* _TASK REQUIREMENTS_:
Search the records for the line with "By purchasing this". Output that line and each line after it, exactly, and stop at the end; omit pictures.

[Stored records]
****************

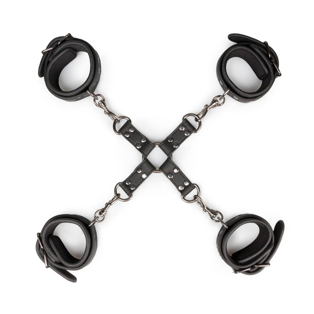 Complete your bondage game with this fun set! The set consists of handcuffs, ankle cuffs and a hogtie that can be used anyway you want. The cuffs are attached to the hogtie with clip fasteners, so you can easily detach them and use them separately or attach them to other bondage toys, such as harnesses or collars. The cuffs and hogtie are made of sturdy faux leather and metal and very durable. The cuffs are adjustable for a perfect fit and lined with foam for a comfortable use.
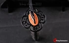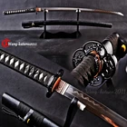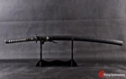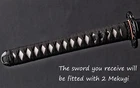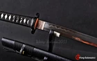 DESCRIPTION: Number: LQ151250 Swordsmith: 劉徐 Package: 1 sword + 1 bag + 1 certificate Bo-hi: No blood groove,can be added for free Thickness: 0.7cm/0.28'' Width: 3.2cm/1.26'' Blade: 70cm/27.6'' Tsuka: 26cm/10.24'' Overall: 103cm/40.6'' Hardness(HRC): 60 Hamon: Real natural hamon , caused by clay tempering process. Material: 百炼钢, Damascus folded T10 High carbon steel Sharpness: After testing, professionals can use it to cut bamboo or A4 paper Fittings: Brass habaki & seppa + Alloy tsuba & fuchi & kashira & Menuki + Genuine Shark rayskin + Japanese synthetic silk ito Handle: Full-tang , 2 meguki fix the handle vertically, very firm. Craft: Hand folded 15 times (32768 layers) , clay tempered , Water quenching treatment, traditional hand-polishing, etc . Ancient quenching: Modern vacuum heat treatment can meet the hardness requirements of most swords, but the traditional quenching method has better effect, can soften the medium strip steel, and the hardness is higher. Manual grinding: Using the unique bright stone of Longquan Town, hand grinding, very test sword casting skills and technology, grinding out the pattern effect is special texture! Tsuba & Fuchi & Kashira & Habaki Saya Additional Service About us Delivery details Tsuba & Fuchi & Kashira & Habaki Alloy Tsuba Iron Tsuba ( extra $10) Brass Set ( extral $50 ) Alloy Fuchi & Kashira Habaki TSUKA-ITO & SAGEO Tsuka-ito is the wrapping of the tsuka and sageo (下緒 or 下げ緒) is a hanging cord that is passed through the hole in the kurigata (栗形) of a Japanese sword's saya. SAMEGAWA Samegawa(鮫皮)is the ray or shark skin wrapping of the tsuka (handle/hilt). Saya Please contact us before placing an order to see if there is any stock available, as well as any additional charges. OX Horn Saya Additional Service It's free for engraving English words, Chinese Characters and Japanese Kanji , etc. You need pay extral $20-30 for engraving patterns. Hamon We can add or remove the machine-made wavy hamon for free. Bo-hi ( Blood Groove) Usually thought be used for bloodletting only. It is also used to lighten the weight of the sword. We can add or remove Bo-hi for free Sharpness Most of our blades are sharp. We can also make the blade unsharpened for free if you require. Colored Blade If you want to change to a different color blade, please contact us before purchase. Matching Swords Set If you buy one katana, we can make a matching Wakizashi or Tanto for you. The price varies from different swords. Please contact us if you need make custom matching set. About us We have our own sword-casting factory. The factory is located in Longquan, a small town with a long history of sword-casting in China. Most of the famous Swords in China are made there. Rich raw materials, skilled technology, traditional sword casting technology from generation to generation. Manual production really takes a lot of time. We will prepare most products in advance ,and arrange delivery within about a week. However, sometimes the delivery time is delayed due to weather or raw materials,etc. we hope to get your understanding. Feel free to contact us to inquire about the status of your order. Each handmade sword is unique. Our swords are great for gifts or for your own collection. Our swordsmithing master makes every sword attentively, hope you can feel our sincerity. We will also give you the best customer service, any questions please feel free to contact us. Delivery details a) Import duties, taxes and charges are not included in the item price or shipping charges . These charges are the buyer’s responsibility. b) If you do not receive the package, or the package is damaged during transportation. We'll take care of it. Please feel free to buy. c) If it is mentioned in the product description that the package includes the sword bag or sword holder , the style will be random. The sword holder or sword bag on the ebay picture is the props we use for shooting. If you really like a style, please contact us before buying. d) If you have any problem after recieve the package (wrong size, wrong style, etc.). We always provide you with the best after-sales service. Please give us a chance to help you before you give us a bad feedback . Thank you very much!
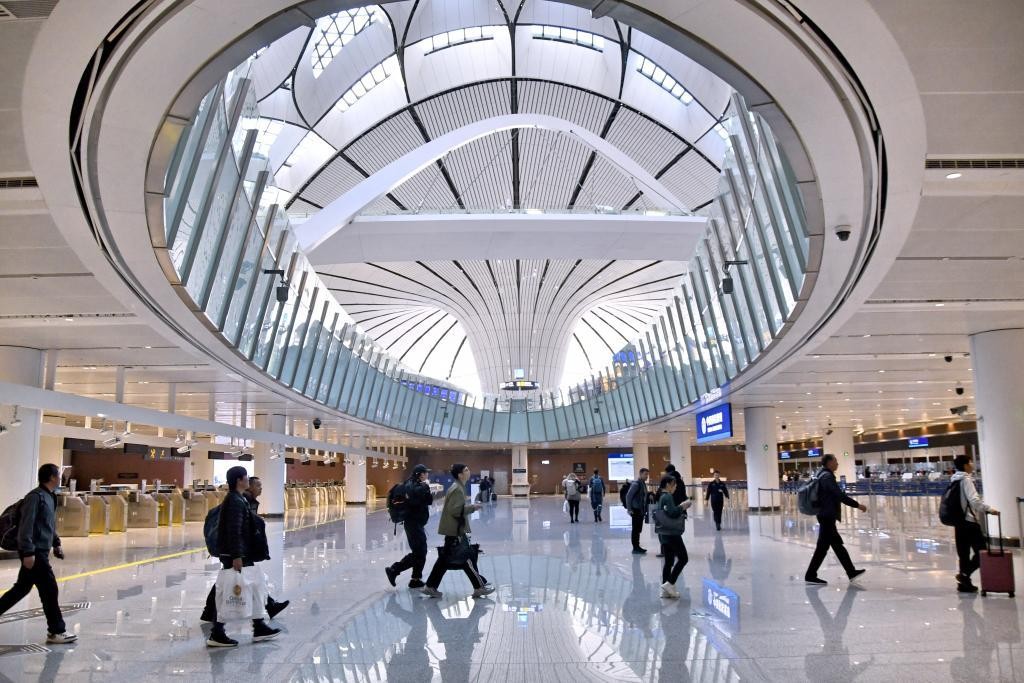 2024年12月27日,外国游客在北京大兴机场边检大厅准备入境。新华社发(鞠焕宗 摄)
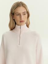 Мягкий свитер с воротником на молнии отлично подойдёт для любых повседневных дел. Регулируемая высота воротника или глубина выреза даёт ещё больше комфорта. Свитер хорошо держит форму после стирок, не линяет и хорошо ощущается на теле благодаря своему составу. Долговечен и прост в уходе. Выполнен с высоким содержанием вискозы и добавлением нейлона. Розовый цвет хорошо сочетается с коричневым, хаки, золотистым, кофейным и бежевым. Лучшей парой к свитеру станет трендовый деним.
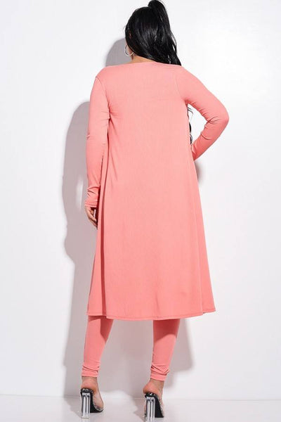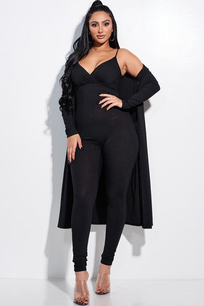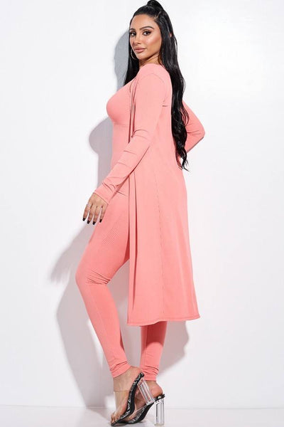 Made In U.S.A S.M.L solid rib knit spaghetti strap jumpsuit and duster two piece set 89% Polyester 11% Spandex New Peach MIS
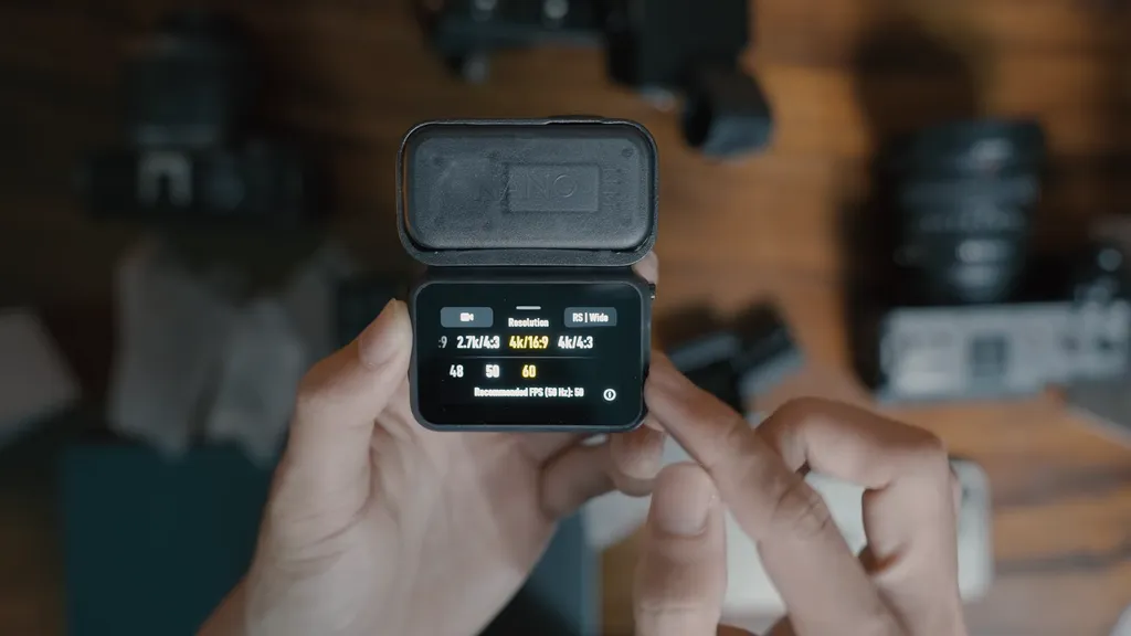 - Thiết kế hai phần thông minh: Camera và màn hình điều khiển là hai phần riêng biệt. Camera rất nhỏ gọn, có bộ nhớ trong (64GB/128GB), có thể quay khoảng 1 giờ 4K. Màn hình điều khiển kiêm pin dự phòng và khe cắm thẻ nhớ, giúp sạc cho camera và chuyển dữ liệu dễ dàng.
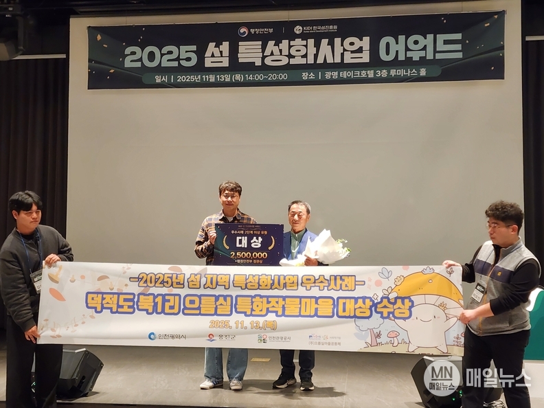 [매일뉴스] 옹진군(군수 문경복)은 덕적도 북1리 으름실 마을이 행정안전부 ‘2025년 섬 지역 특성화사업 우수사례 경진대회’에서 대상을 수상했다고 밝혔다.
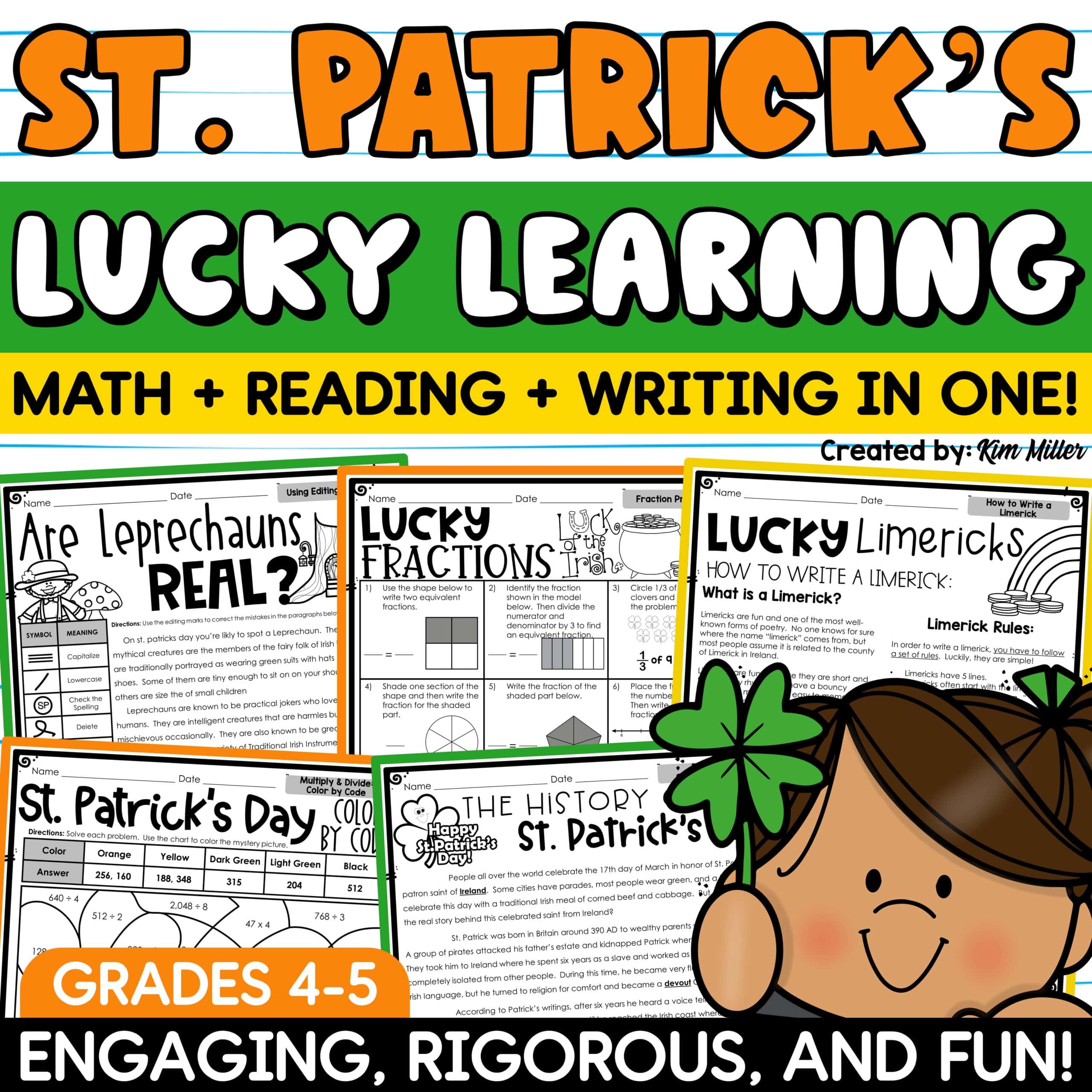 By purchasing this bundle, you will save 30% off the price. Includes 12 no-prep reading and math packets for grades 4–5 — perfect for every holiday from Back to School to End of Year!
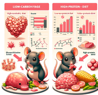 저탄수화물, 고단백질 식단을 섭취한 쥐는 고탄수화물, 저단백질 식단을 섭취한 쥐에 비해 종양 성장이 더 느린 것으로 나타났습니다.
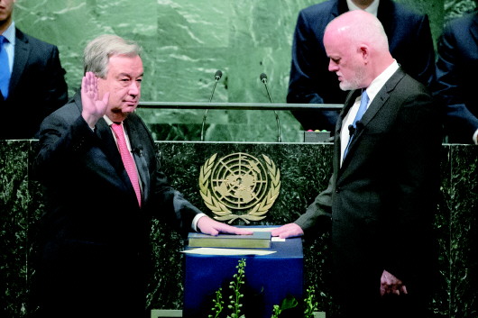 12月12日,在位于纽约的联合国总部,联合国候任秘书长安东尼奥·古特雷斯(左)宣誓就职。 新华社发
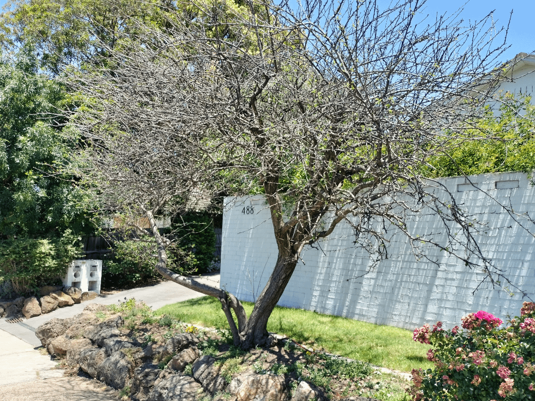 I have an old ornamental plum tree (circa 70s build) that died back this summer it had partial flowering and small leaves ok n the branches that flowered. No growth over summer, now not pictured is shooting from the trunk base.

****************

* _FINAL ANSWER_:
 By purchasing this bundle, you will save 30% off the price. Includes 12 no-prep reading and math packets for grades 4–5 — perfect for every holiday from Back to School to End of Year!
 저탄수화물, 고단백질 식단을 섭취한 쥐는 고탄수화물, 저단백질 식단을 섭취한 쥐에 비해 종양 성장이 더 느린 것으로 나타났습니다.
 12月12日,在位于纽约的联合国总部,联合国候任秘书长安东尼奥·古特雷斯(左)宣誓就职。 新华社发
 I have an old ornamental plum tree (circa 70s build) that died back this summer it had partial flowering and small leaves ok n the branches that flowered. No growth over summer, now not pictured is shooting from the trunk base.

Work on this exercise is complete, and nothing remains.